How Many Calories are there in a Glass of Wine?

Rather than providing you with a list based on serving size, alcohol content, and specific brands that you can find on numerous websites that can’t help but generalize, let’s make our own generalizations. Simply come to realize that the calories in a glass of wine are ultimately your best option if looking to enjoy a drink without serious ramifications around the waistline and beyond/below/behind.

The “beer belly” is not simply an idiom but rather a result of the high amount of calories present in nearly all beer. Expect your average (mass produced) 12 ounce beer to come in at roughly 150 calories. While a seemingly low number, who only has one beer? Micro or Craft beers with higher alcohol contents can come in as high as 200 calories per 12 ounces; light beer, still, generally speaking, packs about 110 calories per serving, and face it, tastes awful if it has a taste at all.

One ounce of spirits, again a generalization, with no mixer brings around 70 calories to the glass. These spirits would include gin, vodka, rum, whiskey, etc. and excludes liqueurs that will, more often than not, have twice as many calories. These drinks should not be confused with cocktails that when mixed with sodas, simple syrups, and juices can exceed 200 calories based on the mixer and volume of alcohol that the heavy handed bartender, in a quest for tips, may pour you. Martinis may be the best bet for your waist at around 170 calories but your liver will certainly argue this point. Martini drinkers, unlike beer drinkers, rarely have six and if they do calories are the least of their short and long term problems.

Finally, the caloric content of wine. The calories in a glass of wine are your best bet. If you are drinking sweet wines rather than 100% dry fermented wines this will cease to be the case in no time flat, and flat your stomach will not be for long (Yoda speak aside). Generally speaking, again, your average four ounce glass of wine will contain about 75 calories. Champagne, given the same serving size though in a much prettier glass, will only add a handful of additional calories. Quite simply, the choice is simple, the calories in wine are negligible in the grand scheme of raising a glass. Better yet?

Drink red wine. While counting calories is important, red wine offers a myriad of additional health benefits due to the presence of antioxidants. At the risk of not seeing your days out as you should, you need to drink more wine. In moderation of course. There exists empirical evidence that red wine, again in moderation, is beneficial to your health. What is moderation? Moderation, if you are lucky enough to live in a country with nationalized or socialized health services, is two to three glasses a day. If, on the other hand, you happen to reside in a country that is the most litigious society in the world without said health care, moderation is ONE glass. Sorry.

In layman’s terms….

Red, and consequently rose wines are high in antioxidants. Antioxidants are good. They battle the bad by slowing the oxidation process wherein reactive particles also known as “free radicals” have this horrible habit of attacking other good things, namely, healthy cells throughout the human body leading to that pesky heart disease.
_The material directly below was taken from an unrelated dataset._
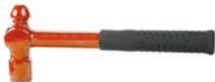
Молоток слесарный LOM кованый (цельнометаллический)
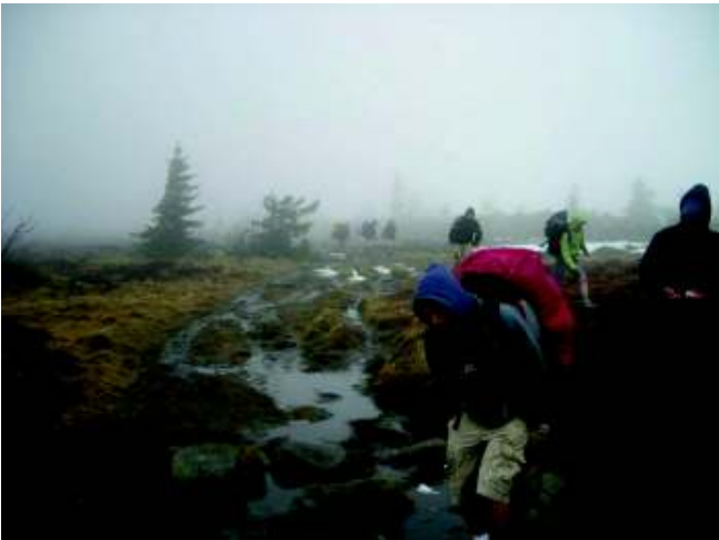
Illustration 21: Tsjoolen door mist en harde wind

Rond 10 uur hebben we dan toch het hutje wat opgeruimd en zijn we vertrokken richting le Lac Blanc. We dalen wat en komen onder de wolken terecht zodat we toch nog een mooi zicht hebben op het meer. Dit moet prachtig zijn bij mooi weer. Er

Specifically the antioxidant resveratrol, is especially, keeping with layman’s terms, good. Resveratrol is found in the skins and seeds of red wine grapes in high concentration. Resveratrol is a good blood thinner, it keeps individual blood cells, platelets, from hanging around like a group of neer-do-wells in front of the liquor store leading to assault and bodily harm charges as well as teenage pregnancy, or in this case blood clots. Blood clots are bad. Blood clots have this nagging tendency to block smaller vessels in the heart and brain staving off the flow of oxygen. This lack of oxygen is called ischemia and is also bad. Don’t worry too much about remembering this medical term, chances are when you collapse on the sidewalk clutching your chest the person calling the ambulance won’t, they will probably just use “heart attack” as they call emergency services. Ischemia in the brain is more commonly known as a stroke, really bad.

Finally, resveratrol, doesn’t much care for low-density lipoprotein (LDL, or bad) cholesterol. LDL likes to cause a multi-syllabic problem in the arteries. Essentially, once LDL oxidizes it forms a plaque that leads to the hardening of the arteries. Not to worry. Because resveratrol and its mate saponin, another antioxidant found in red grapes, often team up, grab a six iron and a leg from a coffee table and just batter LDL around the head and neck lessening its resolve to kill you.

In addition to the meager amount of calories in a glass wine, wine is just plain smart for the health conscious. Smarter yet? Walking to your favorite wine shop and choosing from a wealth of health smart reds.